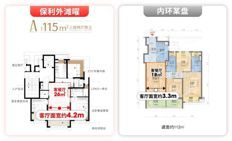 我们以建面约115㎡全能三房、建面约139㎡天幕四房两大主力户型为核心,对标内环同面积段产品逐一拆解,你会清晰看到:它不仅做到了「同面积段体验碾压」,更实现了「小户型平权顶豪配置」,在内环新房市场堪称独一份的存在。
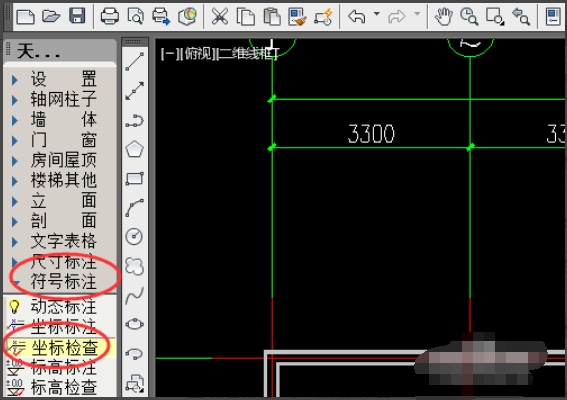 4、点击左侧人工具栏中的符号标注--坐标检查。
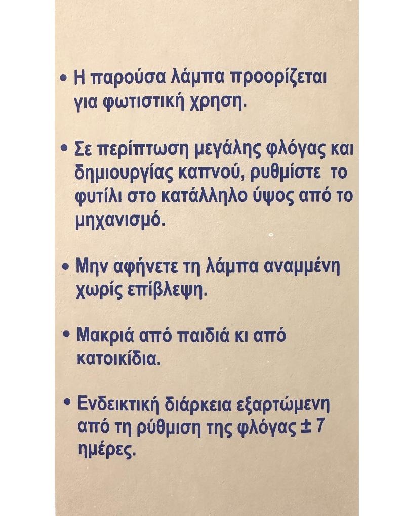 Απολαύστε μοναδική ατμόσφαιρα με την παραδοσιακή λάμπα παραφινέλαιου, ιδανική για ρομαντικές βραδιές, εξοχικές κατοικίες και διακοσμητικές συνθέσεις. Αποκτήστε την τώρα!
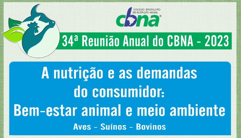 O Colégio Brasileiro de Nutrição Animal (CBNA) ressalta a proximidade do fim do prazo para a submissão de trabalhos científicos para a 34ª Reunião Anual do CBNA "A Nutrição e as Demandas do Consumidor: Bem-Estar Animal e Meio Ambiente" - Aves, Suínos e Bovinos.
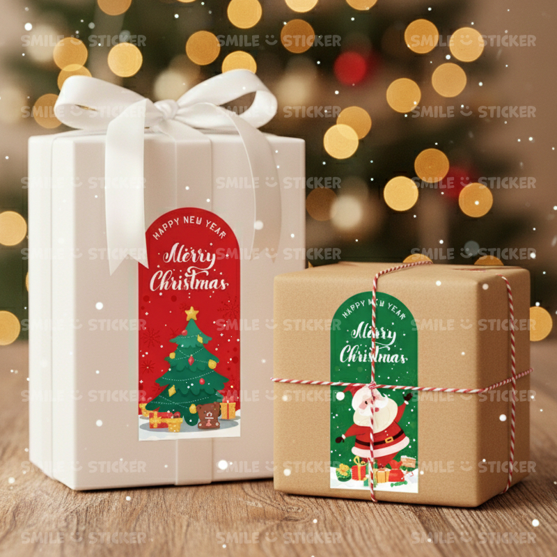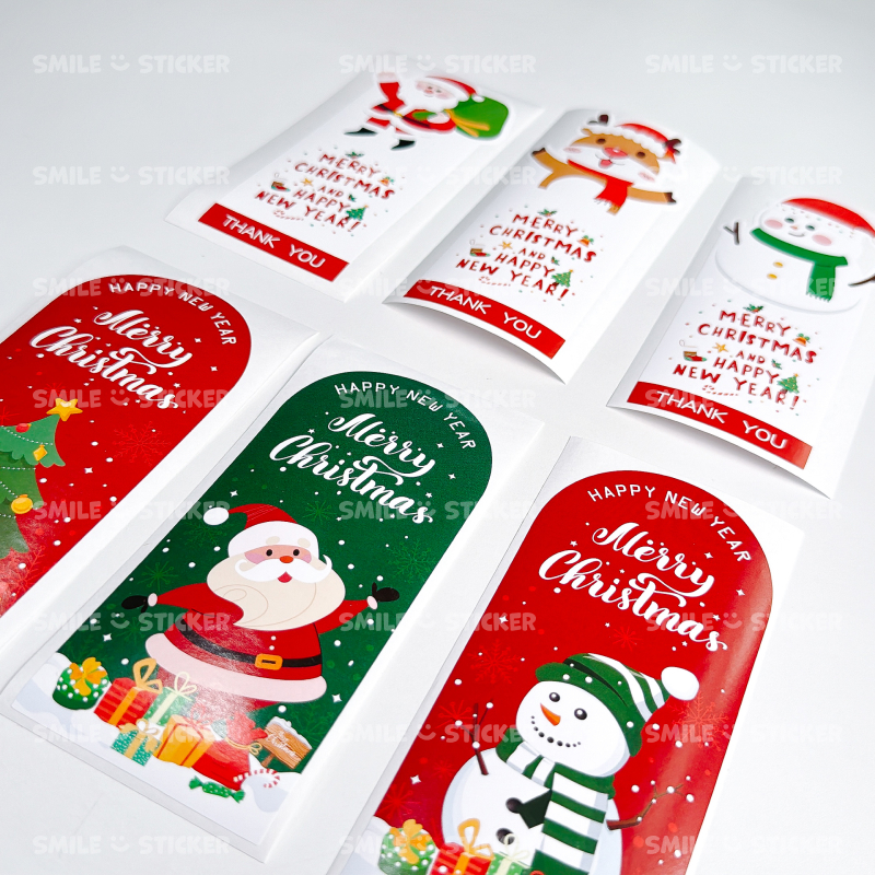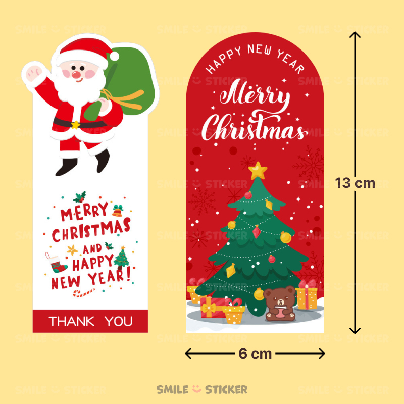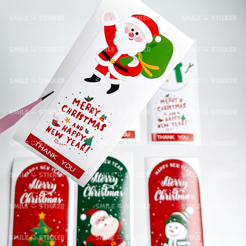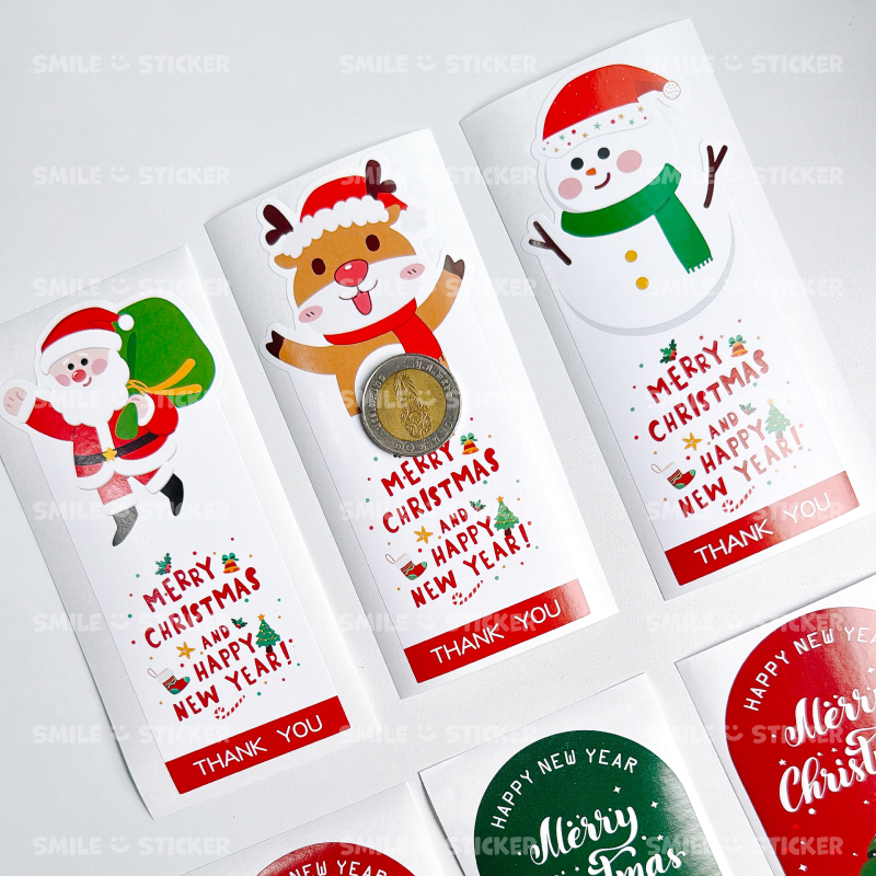 [พร้อมส่ง] สติ๊กเกอร์ Happy New Year & Merry Christmas แพ็ก 50 ดวง ขนาด 6×13 cm.
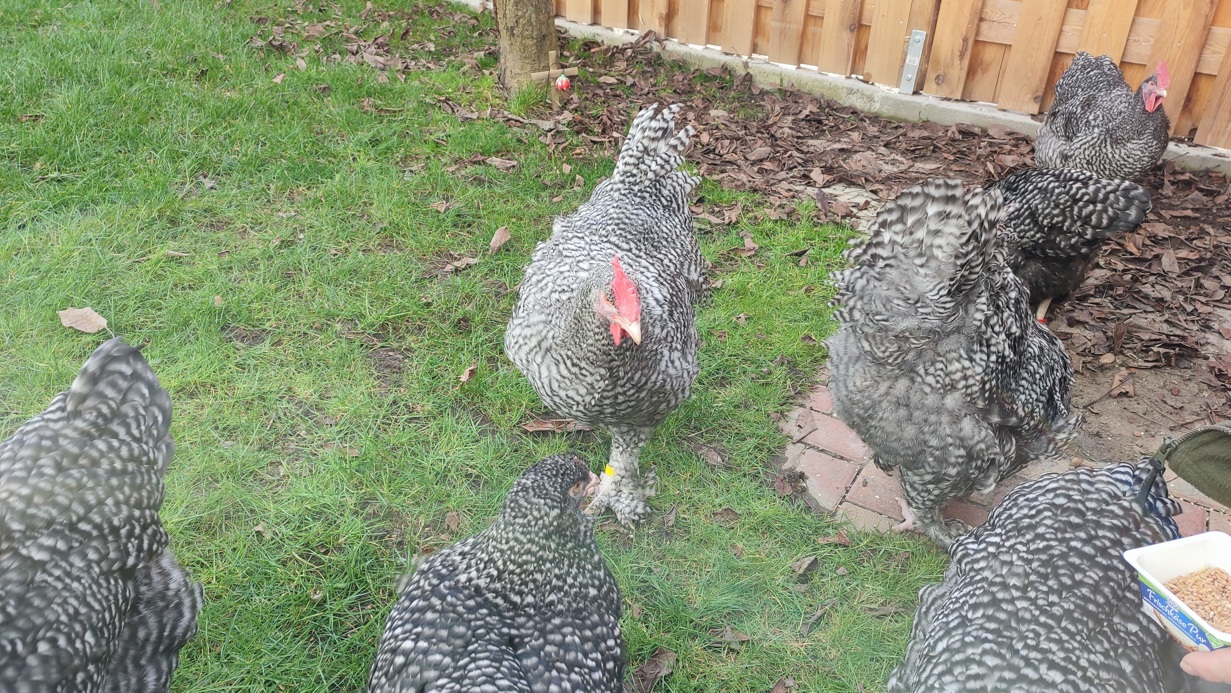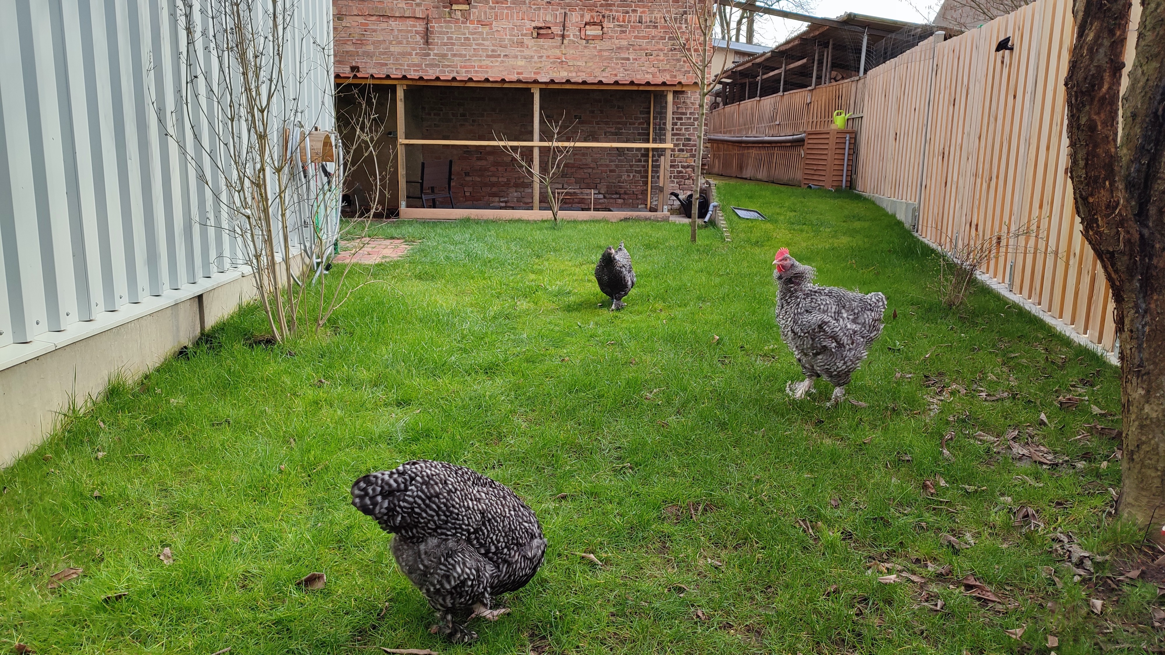 23.03.23 Erstmals sind die Hühner aus der Voliere in den Hühnergarten gekommen. Und wir hatten sehr den Eindruck, sie würden sich richtig und ausgelassen freuen. Mal eine längere Strecke rennen, auch mal ausgiebig flattern, nach Herzenslust überall zupfen und auch Würmchen und allerlei anderes Getier unter den Blättern suchen und finden. Besonderes Erlebnis: Zunächst hat sich Poppes nicht getraut und ist rufend allein in der Voliere geblieben. Oscar ist immer wieder zu ihr hin - und hat sie letzlich mit zu den anderen gebracht. Das war Fürsorge, durch einen fünf Monate alten Hahn. Wunderbar.

_ _ _ _ _ _ _

*Task prompt*:
Take only the lines above from the one that has "4、点击左侧人工具栏中的符号标注--坐标检查。" through the one that has "[พร้อมส่ง] สติ๊กเกอร์ Happy" and reproduce them exactly, omitting any pictures.

*Response to this task*:
 4、点击左侧人工具栏中的符号标注--坐标检查。
 Απολαύστε μοναδική ατμόσφαιρα με την παραδοσιακή λάμπα παραφινέλαιου, ιδανική για ρομαντικές βραδιές, εξοχικές κατοικίες και διακοσμητικές συνθέσεις. Αποκτήστε την τώρα!
 O Colégio Brasileiro de Nutrição Animal (CBNA) ressalta a proximidade do fim do prazo para a submissão de trabalhos científicos para a 34ª Reunião Anual do CBNA "A Nutrição e as Demandas do Consumidor: Bem-Estar Animal e Meio Ambiente" - Aves, Suínos e Bovinos.
 [พร้อมส่ง] สติ๊กเกอร์ Happy New Year & Merry Christmas แพ็ก 50 ดวง ขนาด 6×13 cm.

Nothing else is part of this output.